# WHAT IS NEEDED
Nothing outside the range is to be copied. From the entries below, reproduce exactly the lines starting at the one with "Entre os itens" and ending at the one with "Experience effortless elegance", without pictures.

# RECORDS SHOWN
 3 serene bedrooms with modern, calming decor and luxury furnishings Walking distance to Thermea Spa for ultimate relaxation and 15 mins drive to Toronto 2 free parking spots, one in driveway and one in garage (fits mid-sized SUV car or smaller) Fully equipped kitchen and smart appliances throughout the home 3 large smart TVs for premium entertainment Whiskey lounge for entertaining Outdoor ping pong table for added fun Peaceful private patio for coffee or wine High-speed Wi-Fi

---

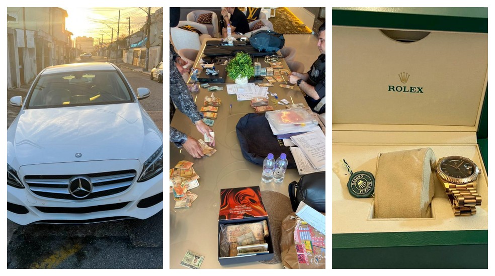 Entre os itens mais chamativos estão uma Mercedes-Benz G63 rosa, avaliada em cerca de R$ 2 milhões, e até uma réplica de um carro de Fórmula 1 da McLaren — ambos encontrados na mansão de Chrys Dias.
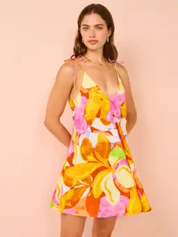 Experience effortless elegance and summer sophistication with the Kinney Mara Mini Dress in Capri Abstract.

# FINISHED EXERCISE
 Entre os itens mais chamativos estão uma Mercedes-Benz G63 rosa, avaliada em cerca de R$ 2 milhões, e até uma réplica de um carro de Fórmula 1 da McLaren — ambos encontrados na mansão de Chrys Dias.
 Experience effortless elegance and summer sophistication with the Kinney Mara Mini Dress in Capri Abstract.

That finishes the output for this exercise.